BRIEF: Every entry that follows should be output exactly, and every image in it left out.
────
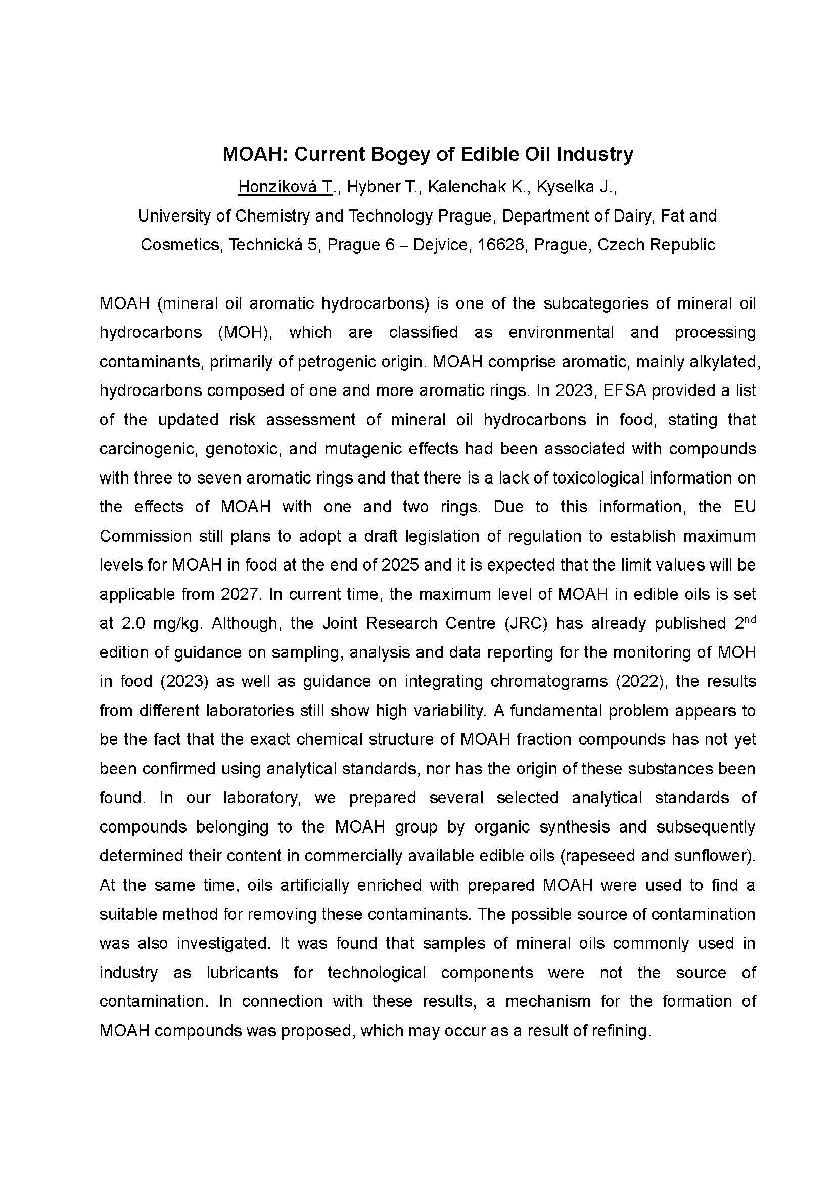 Due to this information, the EU Commission still plans to adopt a draft legislation of regulation to establish maximum levels for MOAH in food at the end of 2025 and it is expected that the limit values will be applicable from 2027. In current time, the maximum level of MOAH in edible oils is set at 2.0 mg/kg. Although, the Joint Research Centre (JRC) has already published 2nd edition of guidance on sampling, analysis and data reporting for the monitoring of MOH in food (2023) as well as guidance on integrating chromatograms (2022), the results from different laboratories still show high variability. A fundamental problem appears to be the fact that the exact chemical structure of MOAH fraction compounds has not yet been confirmed using analytical standards, nor has the origin of these substances been found. In our laboratory, we prepared several selected analytical standards of compounds belonging to the MOAH group by organic synthesis and subsequently determined their content in commercially available edible oils (rapeseed and sunflower). At the same time, oils artificially enriched with prepared MOAH were used to find a suitable method for removing these contaminants. The possible source of contamination was also investigated. It was found that samples of mineral oils commonly used in industry as lubricants for technological components were not the source of contamination. In connection with these results, a mechanism for the formation of MOAH compounds was proposed, which may occur as a result of refining.
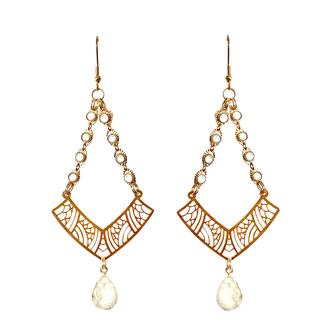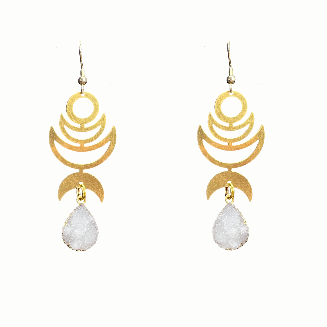 White Druzy Gold Geometric Dangle Earrings
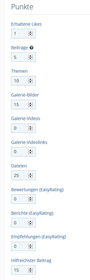 Manche Funktionen sind von einer bestimmten Anzahl an Aktivitätspunkten abhängig, wie z.B. die Zugehörigkeit zu bestimmten Benutzergruppen und darauf basierend, z.B. die Zugriffsrechte im Downloadbereich oder die Höhe der Beschränkungen in der Galerie.
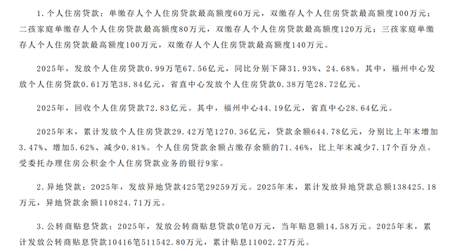 2025年末,个人住房贷款不良贷款余额3555.05万元,不良率0.0551%,其中:福州中心0.0552%,省直中心0.0550%。个人贷款风险准备金余额260053.43万元。2025年,使用个人贷款风险准备金核销呆坏账0万元。
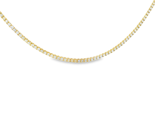 4.30CT Round Cut Diamond 4 Prong Tennis Necklace 14K Yellow Gold
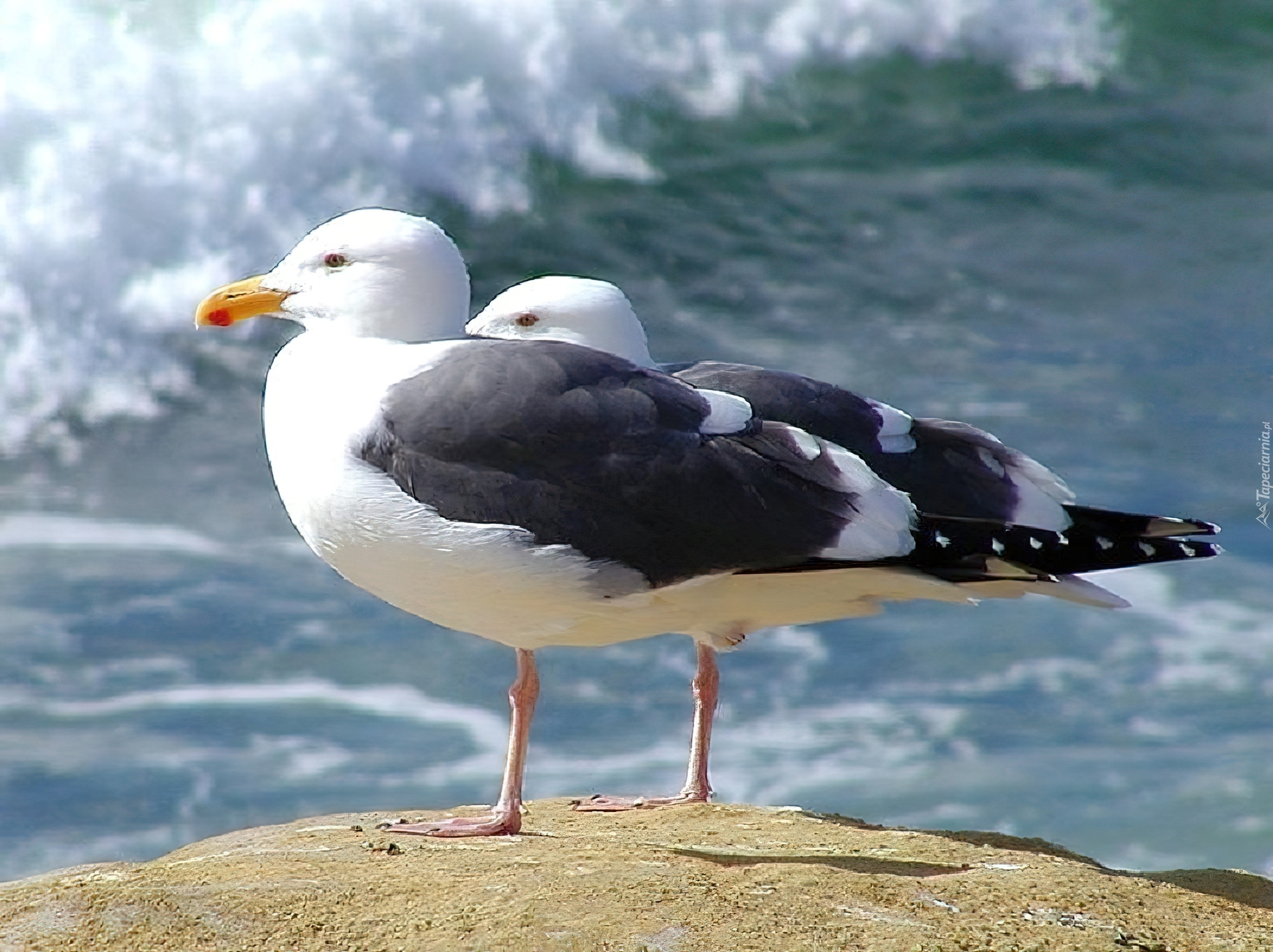 Edytor tapety: Mewy, Morze, Fale
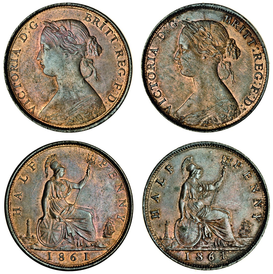 Victoria (1837-1901), 'bun' head Halfpennies (11), 1861 dies 4+E, lcw incuse on rocks, 1861 dies 4+G, door on lighthouse, 1861 dies 4+G, misaligned date, 1861 dies 5+E, lcw incuse on rocks, 1861 dies 5+G, door on lighthouse, 1861 dies 6+E, lcw incuse on rocks, 1861 dies 6+E, first 1 in date over struck and touches groundline, 1861 dies 6+G, door on lighthouse, 1861 dies 7+D, 16 leaves, 1861 dies 7+F no hemline to drapery, 1861 dies 7+G, door on lighthouse, rev. Britannia seated right (F.270, 273, 274, 275, 276, 277, 278, 279, 282; S.3956), some with lustre, some with carbon spots and finger print, good very fine to about uncirculated (11)
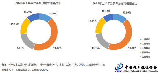 從區(qū)域來看,我國二手車交易的主要陣地仍在二線城市,銷量占比達到43.30%,同比擴大0.81%。在交易價格方面,3萬元以下區(qū)間占比最高,達到34.30%,同比大幅增長7.3個百分點;其次為3-5萬元區(qū)間,占比為21.13%。
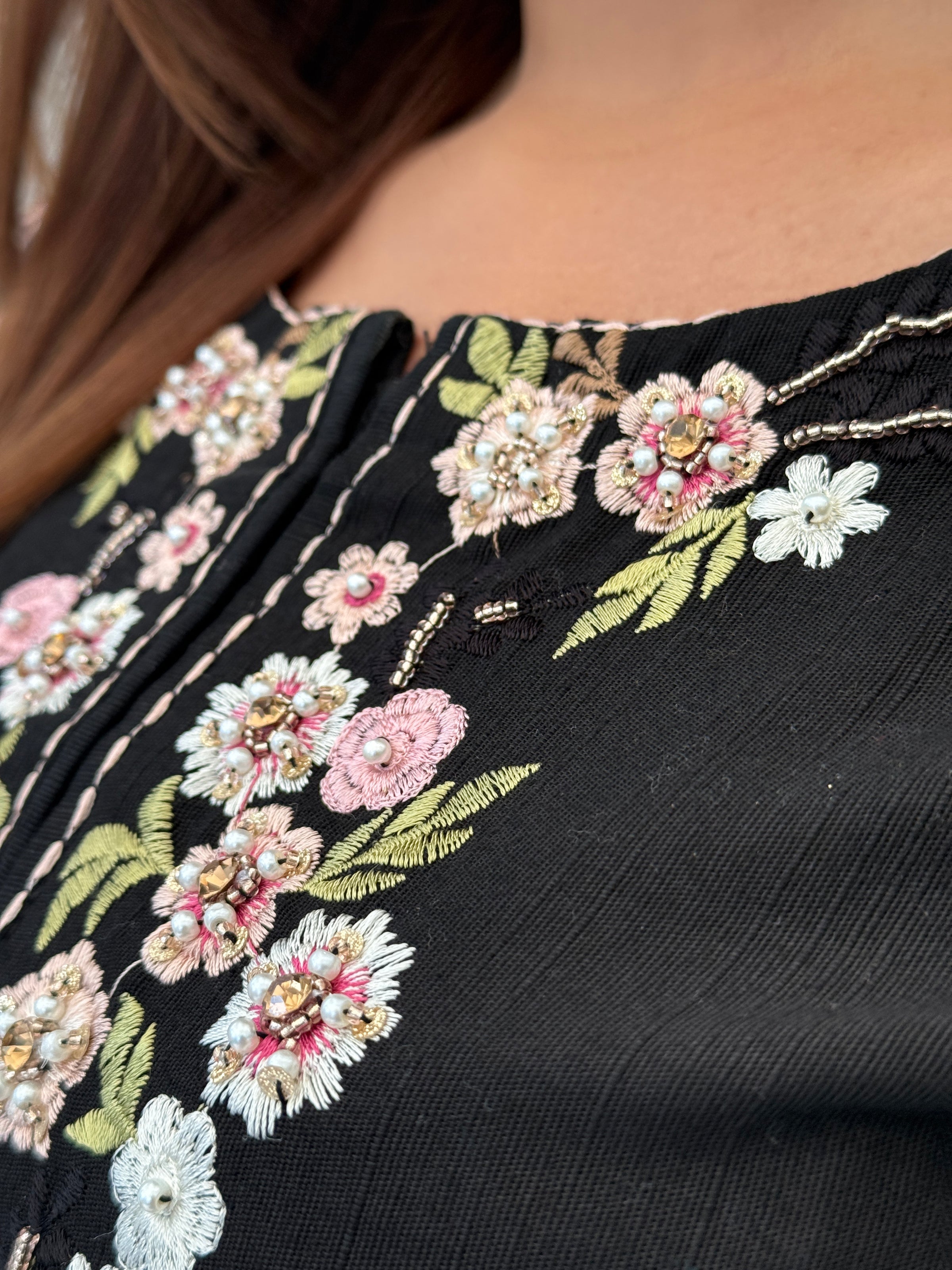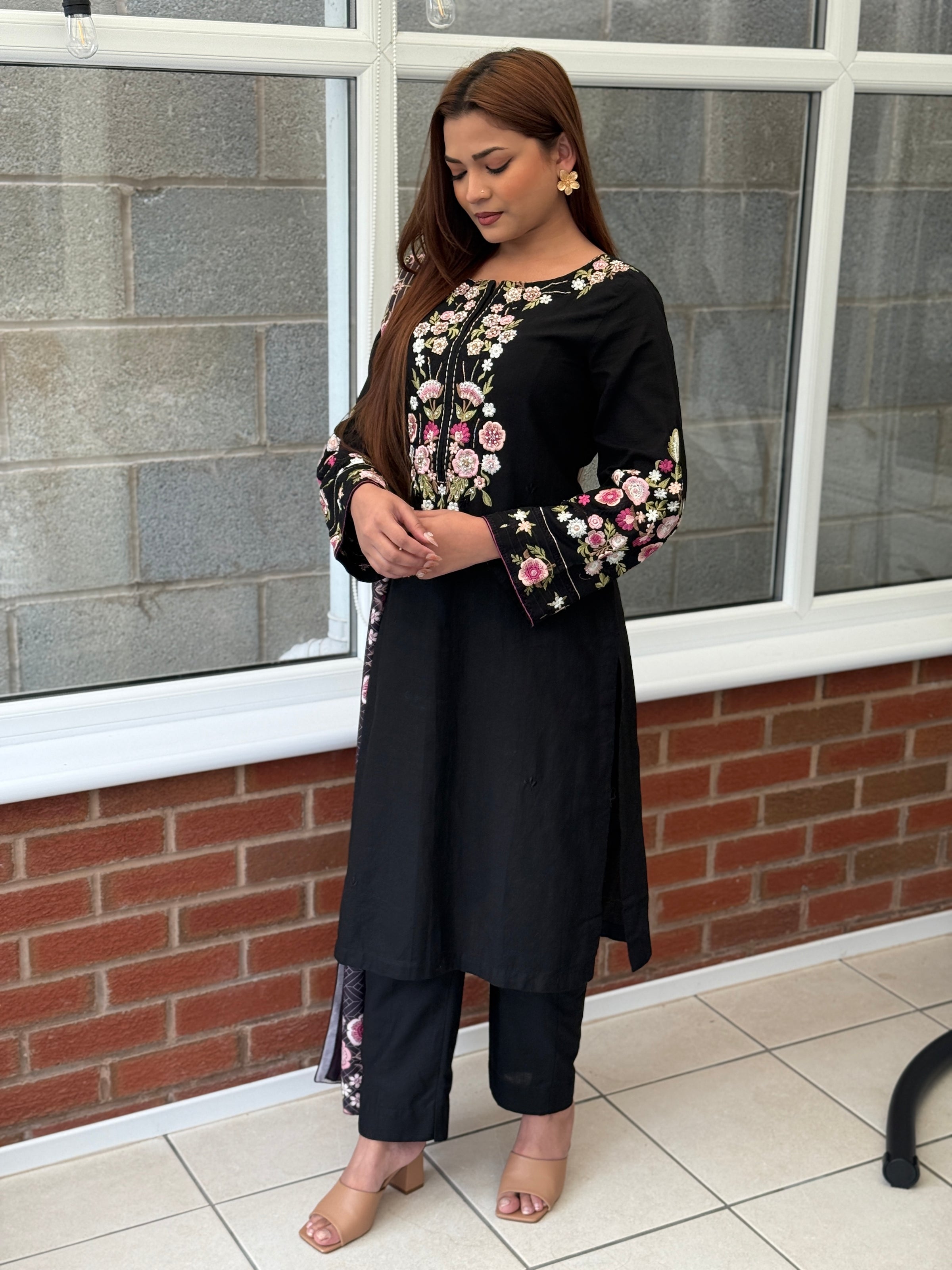 Elegant and effortlessly timeless, Zariya Noir is crafted from premium Khaddar fabric — a winter essential that exudes warmth and sophistication. The jet-black canvas is beautifully elevated with intricate floral embroidery in soft rose and ivory tones, creating a look that’s both classic and feminine. Paired with straight trousers and a Khadi Net Dupatta, this three-piece ensemble is perfect for refined gatherings or chic everyday wear. Also available in nude colour
────
OUTPUT OF THE TASK:
 Due to this information, the EU Commission still plans to adopt a draft legislation of regulation to establish maximum levels for MOAH in food at the end of 2025 and it is expected that the limit values will be applicable from 2027. In current time, the maximum level of MOAH in edible oils is set at 2.0 mg/kg. Although, the Joint Research Centre (JRC) has already published 2nd edition of guidance on sampling, analysis and data reporting for the monitoring of MOH in food (2023) as well as guidance on integrating chromatograms (2022), the results from different laboratories still show high variability. A fundamental problem appears to be the fact that the exact chemical structure of MOAH fraction compounds has not yet been confirmed using analytical standards, nor has the origin of these substances been found. In our laboratory, we prepared several selected analytical standards of compounds belonging to the MOAH group by organic synthesis and subsequently determined their content in commercially available edible oils (rapeseed and sunflower). At the same time, oils artificially enriched with prepared MOAH were used to find a suitable method for removing these contaminants. The possible source of contamination was also investigated. It was found that samples of mineral oils commonly used in industry as lubricants for technological components were not the source of contamination. In connection with these results, a mechanism for the formation of MOAH compounds was proposed, which may occur as a result of refining.
 White Druzy Gold Geometric Dangle Earrings
 Manche Funktionen sind von einer bestimmten Anzahl an Aktivitätspunkten abhängig, wie z.B. die Zugehörigkeit zu bestimmten Benutzergruppen und darauf basierend, z.B. die Zugriffsrechte im Downloadbereich oder die Höhe der Beschränkungen in der Galerie.
 2025年末,个人住房贷款不良贷款余额3555.05万元,不良率0.0551%,其中:福州中心0.0552%,省直中心0.0550%。个人贷款风险准备金余额260053.43万元。2025年,使用个人贷款风险准备金核销呆坏账0万元。
 4.30CT Round Cut Diamond 4 Prong Tennis Necklace 14K Yellow Gold
 Edytor tapety: Mewy, Morze, Fale
 Victoria (1837-1901), 'bun' head Halfpennies (11), 1861 dies 4+E, lcw incuse on rocks, 1861 dies 4+G, door on lighthouse, 1861 dies 4+G, misaligned date, 1861 dies 5+E, lcw incuse on rocks, 1861 dies 5+G, door on lighthouse, 1861 dies 6+E, lcw incuse on rocks, 1861 dies 6+E, first 1 in date over struck and touches groundline, 1861 dies 6+G, door on lighthouse, 1861 dies 7+D, 16 leaves, 1861 dies 7+F no hemline to drapery, 1861 dies 7+G, door on lighthouse, rev. Britannia seated right (F.270, 273, 274, 275, 276, 277, 278, 279, 282; S.3956), some with lustre, some with carbon spots and finger print, good very fine to about uncirculated (11)
 從區(qū)域來看,我國二手車交易的主要陣地仍在二線城市,銷量占比達到43.30%,同比擴大0.81%。在交易價格方面,3萬元以下區(qū)間占比最高,達到34.30%,同比大幅增長7.3個百分點;其次為3-5萬元區(qū)間,占比為21.13%。
 Elegant and effortlessly timeless, Zariya Noir is crafted from premium Khaddar fabric — a winter essential that exudes warmth and sophistication. The jet-black canvas is beautifully elevated with intricate floral embroidery in soft rose and ivory tones, creating a look that’s both classic and feminine. Paired with straight trousers and a Khadi Net Dupatta, this three-piece ensemble is perfect for refined gatherings or chic everyday wear. Also available in nude colour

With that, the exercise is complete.